Difficulty starting the engine may indicate a faulty governor. Moreover, for some car models this happens after the engine is idle (cold start), while for others, on the contrary, for a hot one.
Sometimes there are situations when, in the event of a malfunction of a part, a message about the engine emergency mode is displayed on the instrument panel. However, this is not the only breakdown that activates this mode.
On some cars, a signal with a heating coil periodically appears on the dashboard during a trip. But in this case, before replacing the part, it will be necessary to diagnose it.
Indirect signs include:
- Uneven operation of the unit;
- The car stalls at idle;
- The crankshaft speed increases or decreases sharply;
- A noticeable decrease in the power characteristics of the motor;
- There is no response to the gas pedal or has significantly deteriorated;
- When shifting to an overdrive, the car loses a lot of dynamics;
- Sometimes the work of the internal combustion engine is accompanied by jerks;
- The "gluttony" of the car has noticeably increased.
Checking the pressure regulator on the bench
The easiest diagnostic method is to take the car to a service that uses diagnostic stands. To check you will need:
- Remove the fuel rail along with the RTD;
- All contacts and hoses are connected to the module at the stand;
- The device simulates the operation of the motor in different modes, while measuring all the parameters.
Different algorithms are installed in the stand program, according to which the serviceability of the regulator is determined. Such programs are used only by service centers, therefore, it is impossible to carry out this diagnostic procedure without visiting a service station.
Checking the regulator without removing it from the car
It must be remembered that not in all cases there is such a possibility., But if the device of the car allows you to get to the regulator without major dismantling work, then the procedure can be performed as follows:
- First, a visual inspection is carried out. It will be difficult not to notice the depressurization of the case. The same procedure will help identify any mechanical damage, as well as the formation of rust;
- Disconnect the vacuum hose, and install a pressure gauge between the supply connection and the fuel hose. We start the engine. If the device shows a stable pressure, then the regulator is faulty. The arrow indicator should vary from 0,3 to 0,7 atm .;
- Another method is to pinch the return hose. The pressure gauge is installed according to the previous scheme. The indicator of the device should immediately jump. The same procedure can be carried out without a pressure gauge. We just start the engine, squeeze the return line and listen to how the unit works. If its operation has stabilized, then the regulator needs to be replaced.

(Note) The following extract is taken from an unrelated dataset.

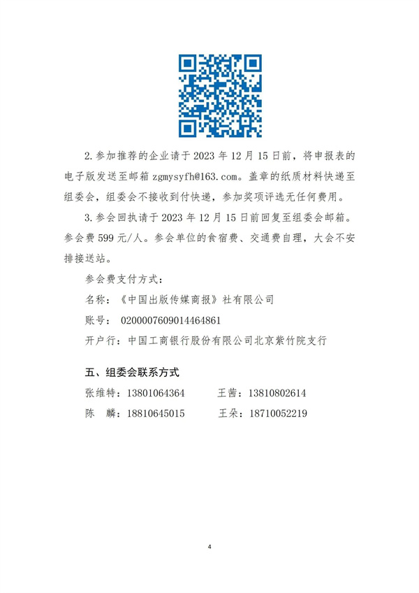 3.参会回执请于2023年12月15日前回复至组委会邮箱。参会费599元/人。参会单位的食宿费、交通费自理,大会不安排接送站。

Checking the regulator by substitution method
This is the surest way to make sure a part is defective. In this case, we remove the diagnosed element, and instead of it we install a known-good analogue.
If diagnostics are not carried out in a timely manner, the motor can be seriously damaged. If not a unit, then some important element of the fuel supply system will definitely fail. And this is an unjustified waste.